Le Mali a arrêté à 4 462,646 milliards de francs CFA ses dépenses prévues pour 2027. Malgré cette hausse de 11,75 % par rapport au budget rectifié de 2026, le déficit prévisionnel devrait diminuer grâce à une progression plus rapide des recettes.
Le projet de loi de finances pour 2027 a été adopté le vendredi 18 septembre 2026 par le Conseil des ministres. Les recettes attendues atteindraient 3 866,635 milliards de francs CFA, soit 493,740 milliards de plus que dans la loi de finances rectificative de 2026. Leur progression serait ainsi de 14,64 %, contre 11,75 % pour les dépenses.
Cette différence de rythme réduit mécaniquement le besoin de financement. Le déficit prévisionnel passerait de 620,425 milliards de francs CFA en 2026 à 596,011 milliards en 2027. La baisse atteint 24,414 milliards, soit 3,93 %. Les recettes couvriraient ainsi environ 86,6 % des dépenses prévues.
Les dépenses avaient déjà fortement augmenté en 2026
La trajectoire budgétaire de 2027 intervient après une importante révision des crédits de l’exercice en cours. Adoptée en juillet, la loi de finances rectificative avait porté les dépenses de 3 578,217 milliards à 3 993,319 milliards de francs CFA, soit une hausse de 415,103 milliards ou 11,60 % par rapport au budget initial.
Cette révision avait également relevé les recettes de 3 057,792 milliards à 3 372,895 milliards de francs CFA. Le gouvernement avait alors expliqué que les ajustements de dépenses comprenaient un renforcement des crédits consacrés aux opérations de sécurisation du territoire, une subvention exceptionnelle à la Compagnie malienne pour le développement des textiles et de nouvelles dépenses liées aux comptes spéciaux du Trésor.
Pour 2027, la hausse des dépenses serait donc légèrement supérieure en valeur absolue à celle enregistrée lors de la révision de 2026 : 469,326 milliards de francs CFA supplémentaires, contre 415,103 milliards un an plus tôt. La différence est toutefois que les recettes progresseraient cette fois davantage que les dépenses.

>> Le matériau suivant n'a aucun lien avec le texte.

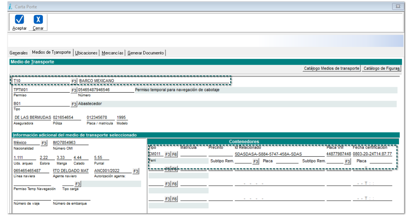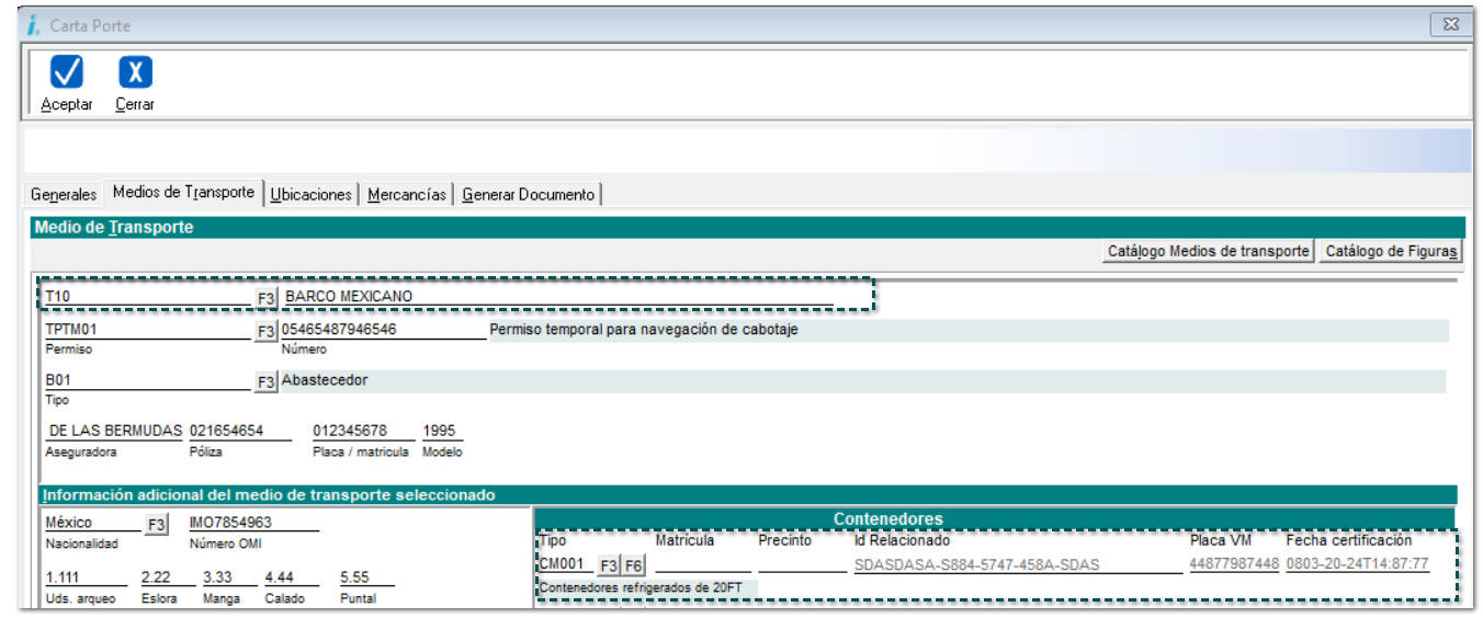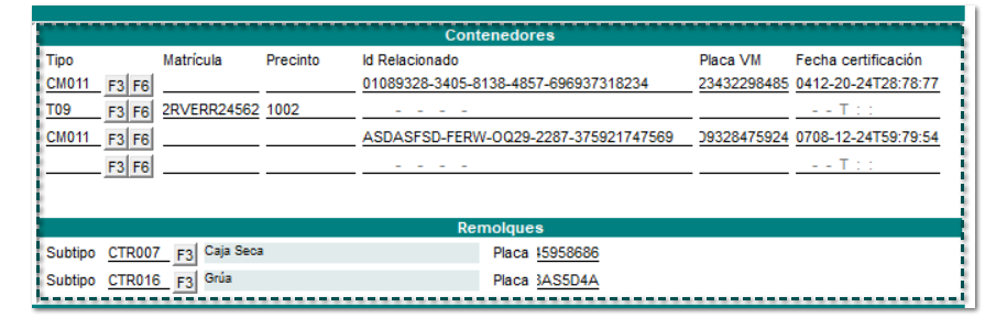 Cuando no se asigne un tipo de Contenedor de Tipo "Ferri", no se habilitará la sección para capturar la información de los Remolques.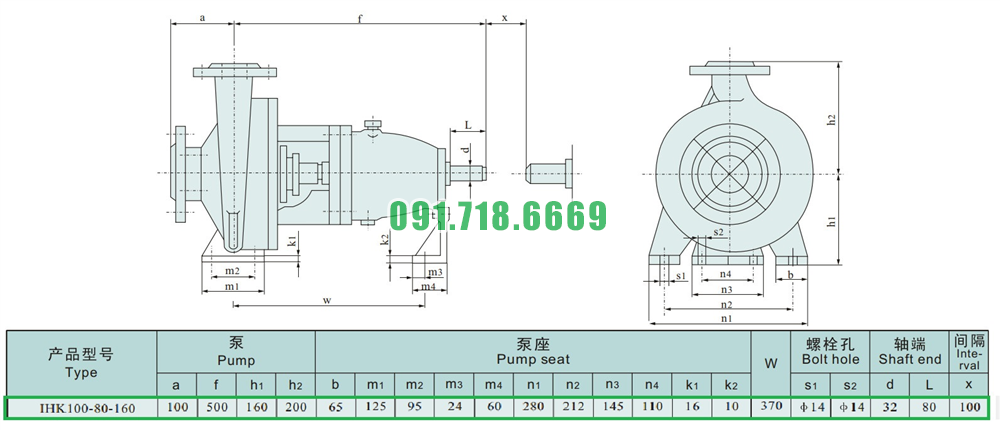 Kích thước của đầu máy bơm nước cánh hở IHK100-80-160 vật liệu inox 304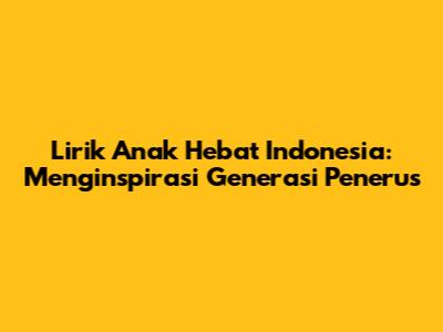Lirik Anak Hebat Indonesia: Menginspirasi Generasi Penerus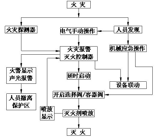 當(dāng)兩種探測(cè)器發(fā)出火災(zāi)信號(hào)時(shí),控制主機(jī)啟動(dòng)警鈴和聲光報(bào)警器,聯(lián)動(dòng)關(guān)閉防護(hù)區(qū)開(kāi)口,進(jìn)入滅火啟動(dòng)延時(shí),達(dá)到設(shè)定的延時(shí)時(shí)間后,自動(dòng)啟動(dòng)滅火系統(tǒng)。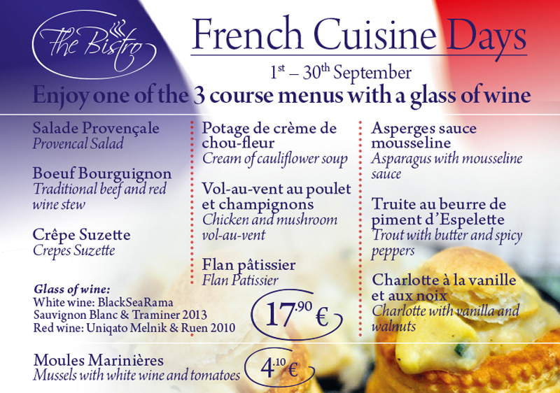 For a true French-style experience enjoy one of the three course menus with a glass of BlackSeaRama Sauvignon Blanc & Traminer 2013 white wine or Uniqato Melnik & Ruen 2010 red wine.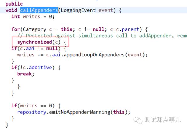 从这边可以看到在转发loggingEvent到各个appender的时候,是同步的,即使你用asycAppender也没有效果,解决方法使用logback,再压测一把,平均4k+,可以接受
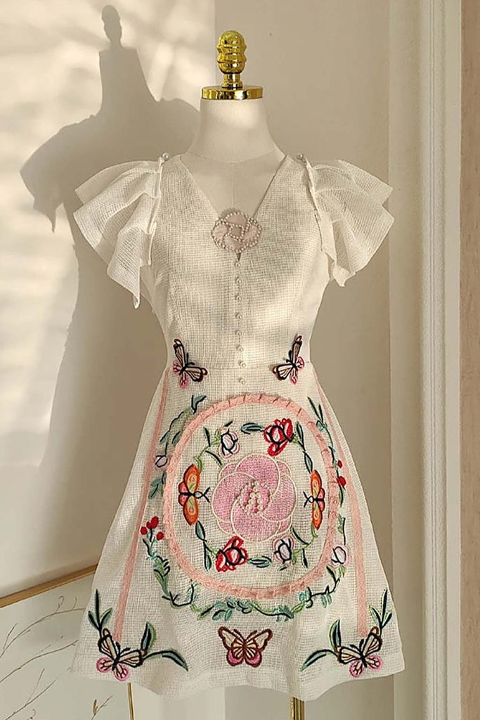 FAWN FLOWER EMBROIDERY BUTTON MINI DRESS IN PINK

Près de 494 milliards de recettes supplémentaires attendus
Le principal enjeu du nouveau budget réside dans la capacité de l’État à mobiliser les 493,740 milliards de francs CFA de recettes supplémentaires prévus sur un an. Le projet adopté le 18 septembre ne détaille pas encore les mesures permettant d’atteindre ce niveau.
Le cadrage économique présenté quelques mois avant le projet de loi de finances prévoyait une croissance réelle moyenne de 6,5 % sur la période 2027-2029. Il fixait aussi une pression fiscale de 13,9 % en 2027, avec une progression programmée jusqu’à 15,1 % en 2029.
Les données détaillées du projet de loi devront préciser la répartition des crédits entre les différents secteurs publics. Le ministère de l’Économie et des Finances ne répertorie pour l’instant, dans sa rubrique consacrée aux lois de finances, que le projet de loi de finances rectificative 2026 et les documents budgétaires antérieurs.
Le projet de loi de finances 2027 doit désormais poursuivre son parcours législatif devant le Conseil national de transition. Les annexes budgétaires permettront de connaître les montants affectés à la défense, à la santé, à l’éducation, aux infrastructures et aux autres postes de dépenses.